Aujourd’hui, la moitié des logements locatifs privés sont possédés par 3,5% des ménages. Chez moi, à Lyon, plus de la moitié des logements mis en location appartiennent à des personnes qui possèdent 5 logements ou plus.
Autrement dit, dans ma ville, où la crise du logement se fait violente, des millionnaires possèdent plus de la moitié du parc locatif privé. Chaque mois, ils s’enrichissent non pas en travaillant mais en recevant une multitude de loyers. S’enrichir sans travailler, ce sont eux que vous devriez appeler les assistés. Ces gens-là s’enrichissent sur la crise du logement. Après le bon sens, la décence.
Cette ultra-concentration n’est pas une spécificité lyonnaise. Les chiffres sont encore plus élevés à Paris ou à Lille. Et après on s’étonnera que les prix grimpent et on demandera à la solidarité nationale de compenser via les APL et logements sociaux. Alors, plutôt que de vouloir vous attaquer aux chômeurs, méditez sur cette hyper-concentration, méditez sur cet accaparement d’un bien commun qu’est le logement.

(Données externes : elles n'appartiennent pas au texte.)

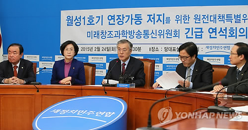 | △ (서울=연합뉴스) 진성철 기자 = 새정치민주연합 문재인 대표가 24일 국회에서 열린 '월성1호기 연장가동 저지를 위한 원전대책특별위원회와 미래창조과학방송통신위원회 긴급연석회의'에서 모두발언하고 있다. |

Ainsi, considérant que le logement, au même titre que l’alimentation, l‘éducation ou la santé, est un droit fondamental auquel chacun doit avoir accès, quelque soit son origine, quelque soit sa nationalité ou quelque soit son statut professionnel et refusant de mettre en concurrence les précaires, le groupe Ecologiste & Social votera contre toute proposition de loi qui irait contre ce principe et réaffirme la nécessité pour notre pays de se doter d’une véritable politique du logement.